Ixhuatlancillo, Veracruz, Mexico; Mexico;
- Broadcast area: Orizaba, Veracruz
- Frequency: 97.3 MHz
- Branding: Ke Buena

Programming
- Format: Regional Mexican
- Affiliations: Radiópolis

Ownership
- Owner: ROGSA; (XEOV, S.A.);
- Sister stations: XHTQ-FM

History
- First air date: October 11, 1967 (concession)
- Call sign meaning: Orizaba, Veracruz

Technical information
- ERP: 3 kW
- Transmitter coordinates: 18°52′45.5″N 97°07′37.7″W﻿ / ﻿18.879306°N 97.127139°W

Links
- Website: rogsa.mx

= XHOV-FM =

Radio station in Ixhuatlancillo, Veracruz, Mexico

XHOV-FM is a radio station on 97.3 FM in Ixhuatlancillo, Veracruz, Mexico, serving the Orizaba area.

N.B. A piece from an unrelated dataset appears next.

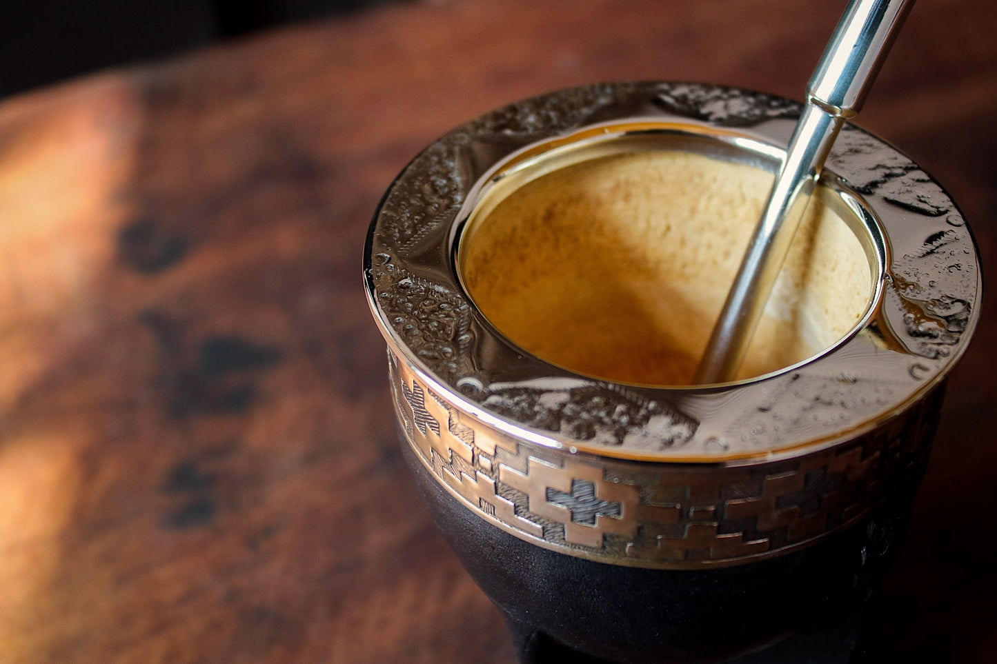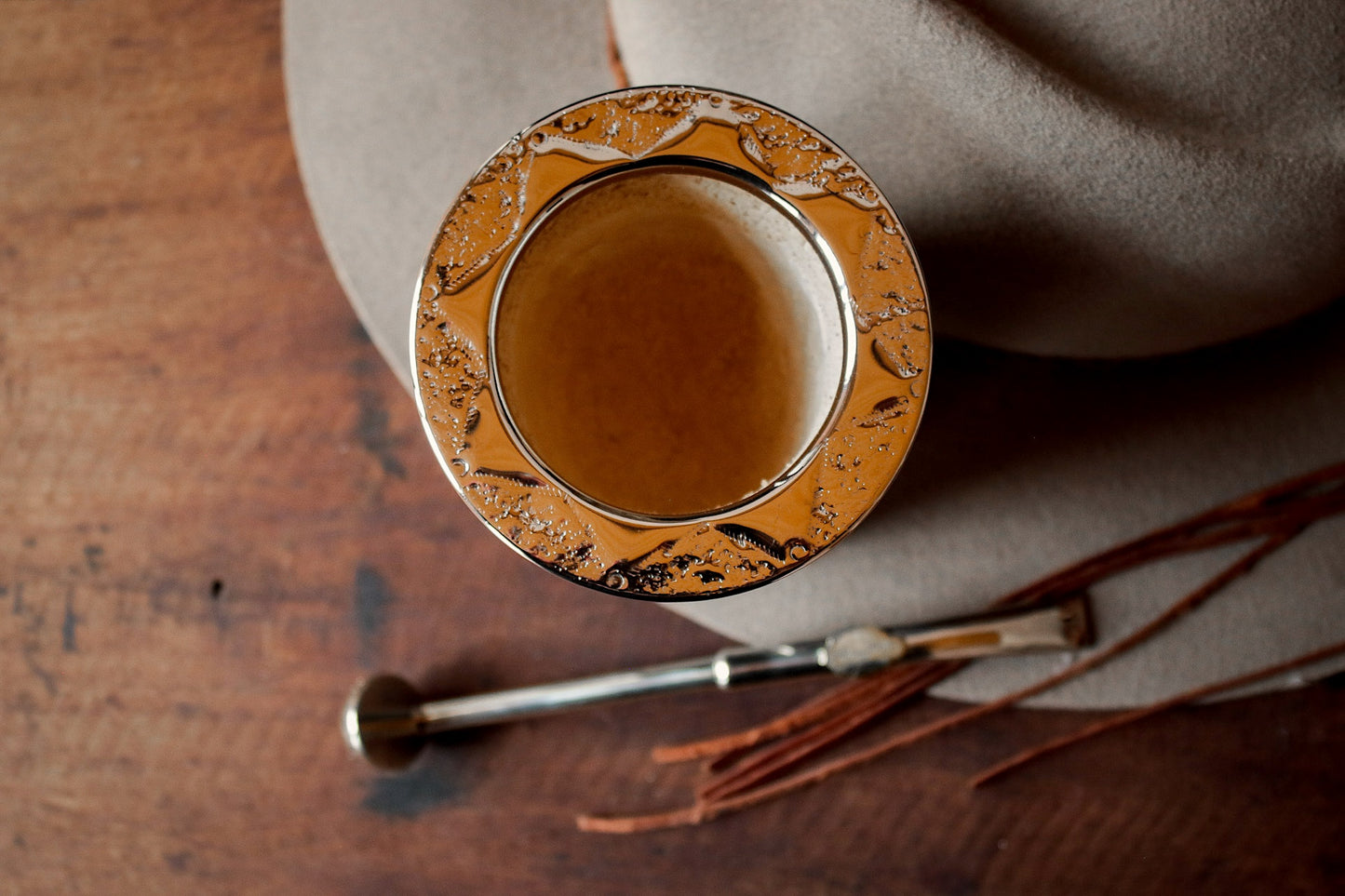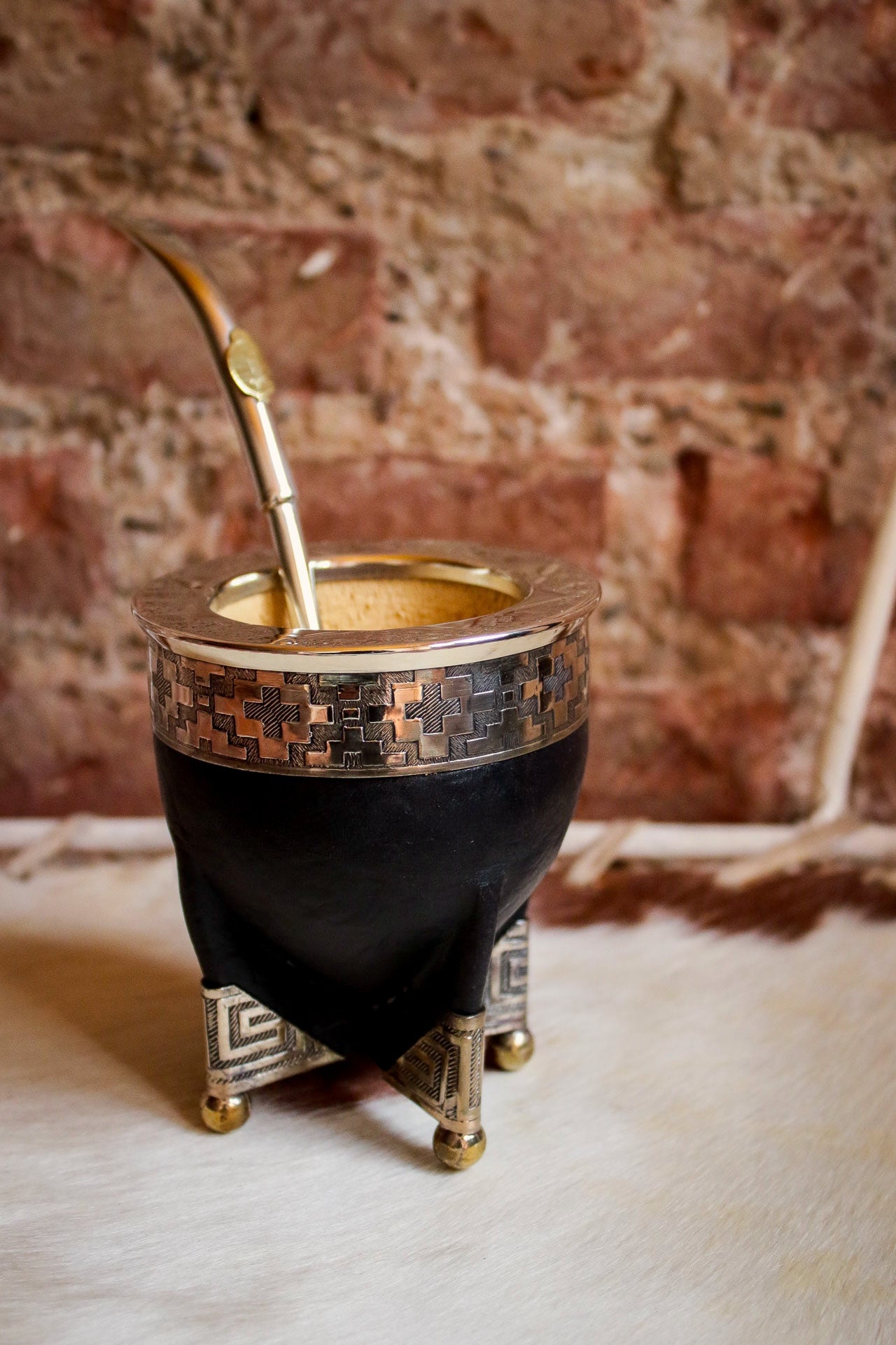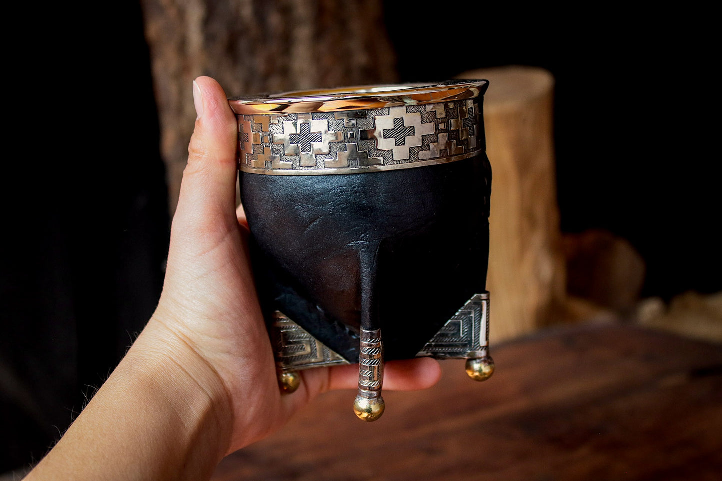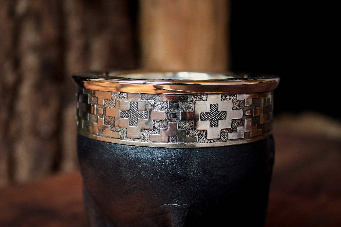 Mate de Cuero, Bronce y Alpaca con Bombillón

It is the local franchise of the Ke Buena Regional Mexican format from Radiópolis.

==History==

XHOV as La Picosa to late October 2022

XEOV-AM 1240 received its concession on October 11, 1967. It was owned by Veracruz broadcasting pioneer Carlos Ferráez Matos and broadcast as a daytimer on 1240 kHz. By the 1980s, it was on at night with 175 watts. Daytime power was increased to 2.5 kW by the 2000s.

XEOV was authorized to move to FM in November 2010.

On November 1, 2022, XHOV, after several years as La Picosa, became a Ke Buena station.